So i'm at home this afternoon making kool aid for my kids when my wife asks me what i'm doing. I said what do you mean? It was then i realized what she was talking about! I had the spoon from the kool aid and i had taken a glass of clean water and was carefully rinsing the spoon back into the jug trying not to loose any of it! 
:mrgreen:


----------



## upcyclist (Aug 4, 2016)

:lol: that's awesome


----------



## Grelko (Aug 4, 2016)

You should add this to the chemist jokes thread, this is great. :lol: Better to be overly safe than accidently forget to rinse off items while you're refining.

At least you didn't test it with stannous "yet"


----------



## everydayisalesson (Aug 5, 2016)

I wondered if that ever happened to anyone else. Many years ago I drove a street sweeper. I would catch myself trying to center my car over the trash in parking lots when I wasn't working. Actually, like you, it was my wife that caught me, she laughed about that for many months.


----------



## Smack (Aug 5, 2016)

That's funny, I've done a few things like that.
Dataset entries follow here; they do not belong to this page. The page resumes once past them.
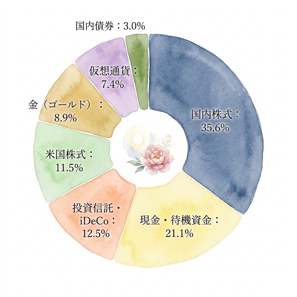 A:はい!と言いたいところですが。実は……個別株から仮想通貨、金までごちゃ混ぜの『リアルなポートフォリオ公開』なんです(笑)。でもね、この中には住宅ローン金利から家計を守る『最強の盾』が隠されてるんですよ。今日は特別に、家族の共有資産の内訳をガチ公開しちゃいます!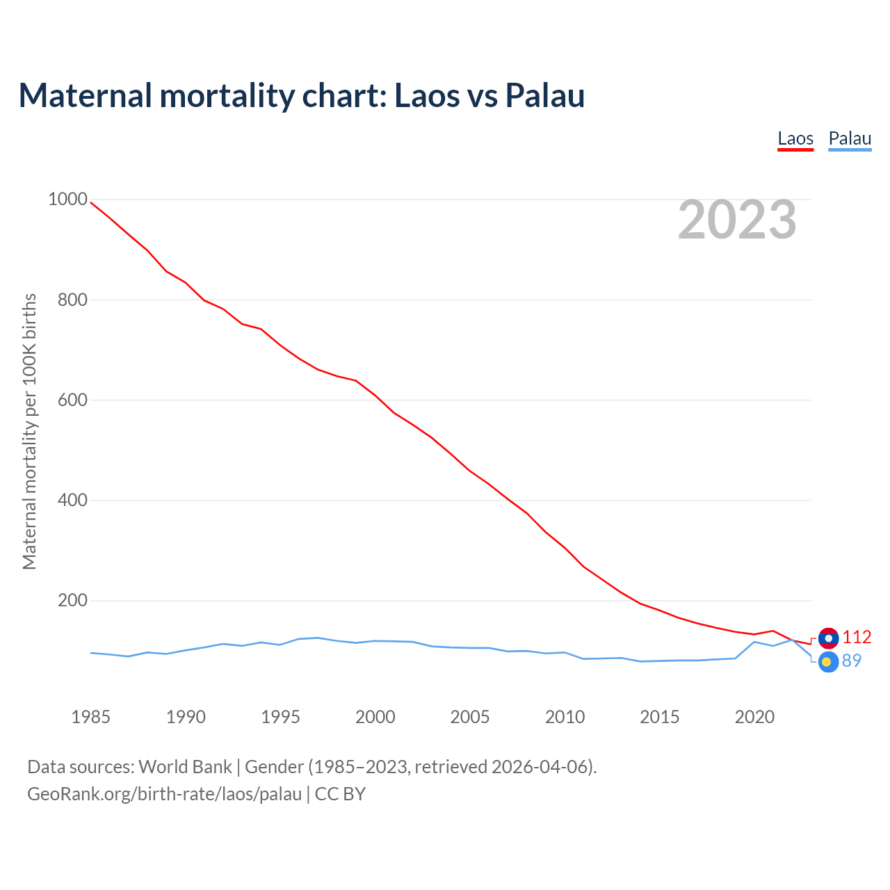 The maternal mortality rate, which is the probability of dying during childbirth or within 42 days of pregnancy termination, is 112 deaths per 100,000 live births in Laos, compared to 89 deaths in Palau.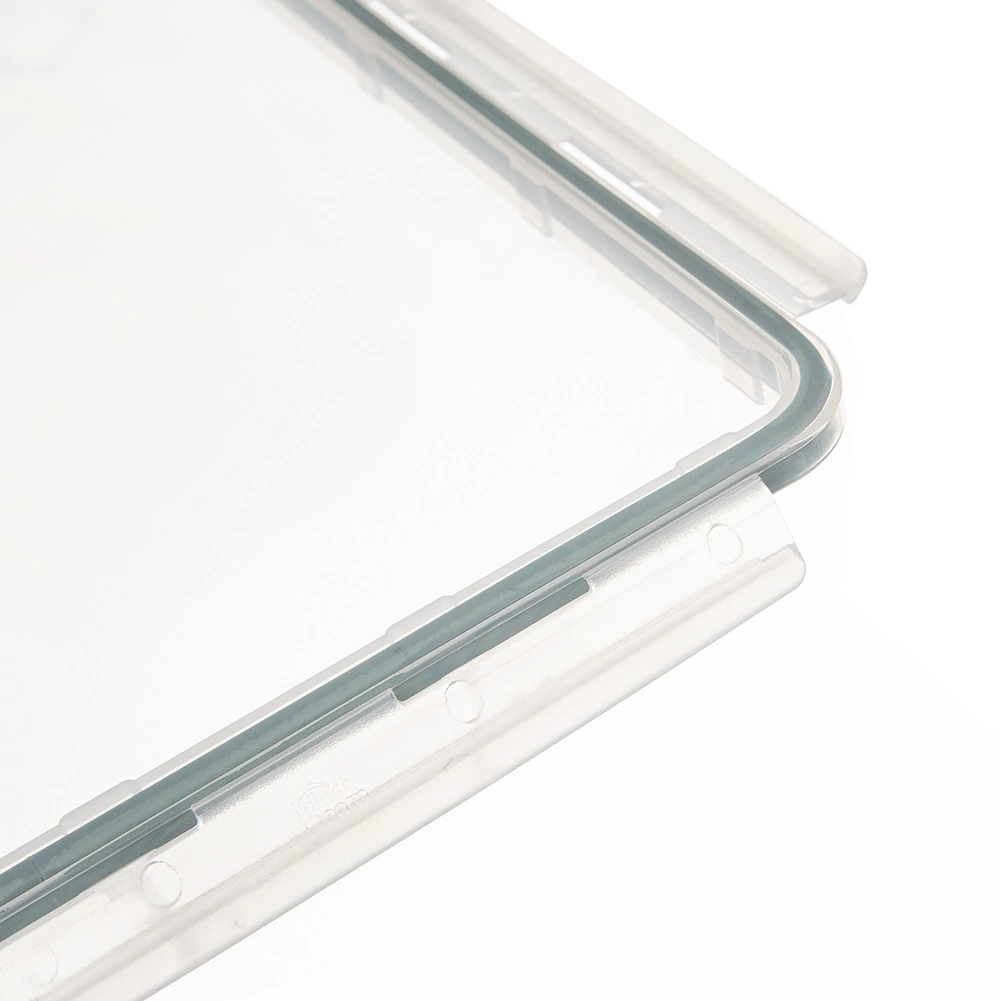 Il coperchio con 4 clip e inserto di tenuta in silicone impedisce l’ingresso di aria e umidità, così gli alimenti restano freschi più a lungo. Il contenitore è resistente nell’intervallo -20 °C fino a +100 °C, lavabile in lavastoviglie, utilizzabile nel microonde (senza coperchio), adatto a frigorifero e freezer.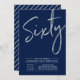Célébrez votre journée spéciale avec cette simple et élégante invitation à la fête du 60e anniversaire. Cette conception comporte un script de brosse "Sixty" avec une disposition propre sur un arrière - plan bleu marine. Vous pouvez customiser le texte et la couleur arrière - plan. D'autres conceptions et fournitures de fête sont disponibles à ma boutique BaraBomDesign.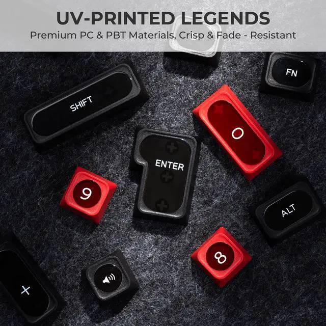 Dual-Layer PC+PBT Material Combines the scratch-resistant durability of PBT with the translucent elegance of polycarbonate (PC). Matte texture ensures a premium grip, while the material resists shine and discoloration over time.

We ARE creatures of habit.


----------



## Geo (Aug 6, 2016)

:lol: That's pretty slick. Don't forget to collect your used toilette paper for further processing.


----------



## 4metals (Aug 6, 2016)

If you start bringing in the squeeze bottle whenever you mix Kool Aid then you really have an issue! 

But the wife has to bear some of the responsibility, buying drinks that look like pregnant acid when they're mixed can be dangerous.


----------



## Topher_osAUrus (Aug 10, 2016)

My house runs on pepsi and chocolate milk, so i haven't caught myself doing that.

But, when i make mac and cheese, i find myself adding all the milk, and then small increments of butter, until i get a complete reaction of cheese.


----------



## glorycloud (Aug 10, 2016)

Topher_osAUrus said:


> But, when i make mac and cheese, i find myself adding all the milk, and then small increments of butter, until i get a complete reaction of cheese.



:lol: :lol: :lol:


----------